I am reading a paper implementing a deep deterministic policy gradient algorithm for portfolio management. My question is about a specific neural network implementation they depict in this picture (paper, picture is on page 14).

enter image description here

The first three steps are convolutions. Once they have reduced the initial tensor into a vector, they add that little yellow square entry to the vector, called the cash bias, and then they do a softmax operation.

The paper does not go into any detail about what this bias term could be, they just say that they add this bias before the softmax. This makes me think that perhaps this is a standard step? But I don't know if this is a learnable parameter, or just a scalar constant they concatenate to the vector prior to the softmax.

I have two questions:

1) When they write softmax, is it safe to assume that this is just a softmax function, with no learnable parameters? Or is this meant to depict a fully connected linear layer, with a softmax activation?
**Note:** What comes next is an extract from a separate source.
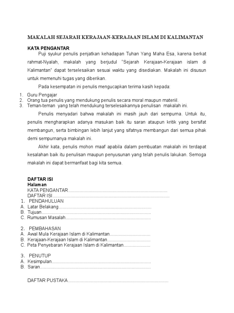 Peran sebuah daftar isi sangatlah penting dalam pembuatan makalah. Membuat daftar isi merupakan hal yang wajib dilakukan dalam menyusun sebuah karya ilmiah seperti makalah atau skripsi karena dengan adanya daftar isi dapat memudahkan pembacanya untuk mengetahui apa saja bagian bagian daripada isi dari karya ilmiah tersebut halaman demi halaman seperti letak bab bab sub bab dan hal hal penting lainnya seperti gambar tabel dan grafik. Berikut contoh daftar isi makalah anda pasti pernah mendengar istilah daftar isi.

2) If it's the latter, then I can interpret the cash bias as being a constant term they concatenate to the vector before the fully connected layer, just to add one more feature for the cash assets. However, if softmax means just a function, then what is this cash bias? It must be a constant that they implement, but I don't see what the use of that would be, how can you pick a constant scalar that you are confident will have the intended impact on the softmax output to bias the network to put some weight on that feature (cash)?

Any comments/interpretations are appreciated!


to the cash bias: I think this is simply the money that is still available at time t=50 and has not yet been invested.